--- START ---
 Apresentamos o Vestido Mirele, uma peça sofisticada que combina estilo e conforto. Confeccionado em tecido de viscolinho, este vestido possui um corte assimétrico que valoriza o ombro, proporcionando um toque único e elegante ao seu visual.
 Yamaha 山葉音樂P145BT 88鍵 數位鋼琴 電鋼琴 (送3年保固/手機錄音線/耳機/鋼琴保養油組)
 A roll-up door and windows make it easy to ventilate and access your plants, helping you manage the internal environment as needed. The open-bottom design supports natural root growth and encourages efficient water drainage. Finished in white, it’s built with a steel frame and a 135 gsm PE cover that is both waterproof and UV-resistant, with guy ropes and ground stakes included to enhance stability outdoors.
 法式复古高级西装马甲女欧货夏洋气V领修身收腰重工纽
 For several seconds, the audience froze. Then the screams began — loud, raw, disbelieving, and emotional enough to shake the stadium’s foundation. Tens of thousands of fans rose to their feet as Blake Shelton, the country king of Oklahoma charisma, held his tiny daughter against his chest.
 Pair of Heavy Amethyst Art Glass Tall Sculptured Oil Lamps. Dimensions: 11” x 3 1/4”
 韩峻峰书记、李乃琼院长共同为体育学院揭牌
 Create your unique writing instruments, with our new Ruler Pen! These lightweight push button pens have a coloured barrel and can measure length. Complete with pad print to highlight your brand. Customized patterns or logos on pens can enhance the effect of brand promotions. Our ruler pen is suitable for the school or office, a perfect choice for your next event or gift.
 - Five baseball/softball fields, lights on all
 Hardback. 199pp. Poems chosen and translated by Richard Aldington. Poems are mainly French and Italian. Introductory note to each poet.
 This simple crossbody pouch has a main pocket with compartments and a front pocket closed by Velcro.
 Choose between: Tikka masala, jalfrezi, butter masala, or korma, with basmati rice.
--- END ---
Which lines of the material contain "your"? List them.

 A roll-up door and windows make it easy to ventilate and access your plants, helping you manage the internal environment as needed. The open-bottom design supports natural root growth and encourages efficient water drainage. Finished in white, it’s built with a steel frame and a 135 gsm PE cover that is both waterproof and UV-resistant, with guy ropes and ground stakes included to enhance stability outdoors.
 Create your unique writing instruments, with our new Ruler Pen! These lightweight push button pens have a coloured barrel and can measure length. Complete with pad print to highlight your brand. Customized patterns or logos on pens can enhance the effect of brand promotions. Our ruler pen is suitable for the school or office, a perfect choice for your next event or gift.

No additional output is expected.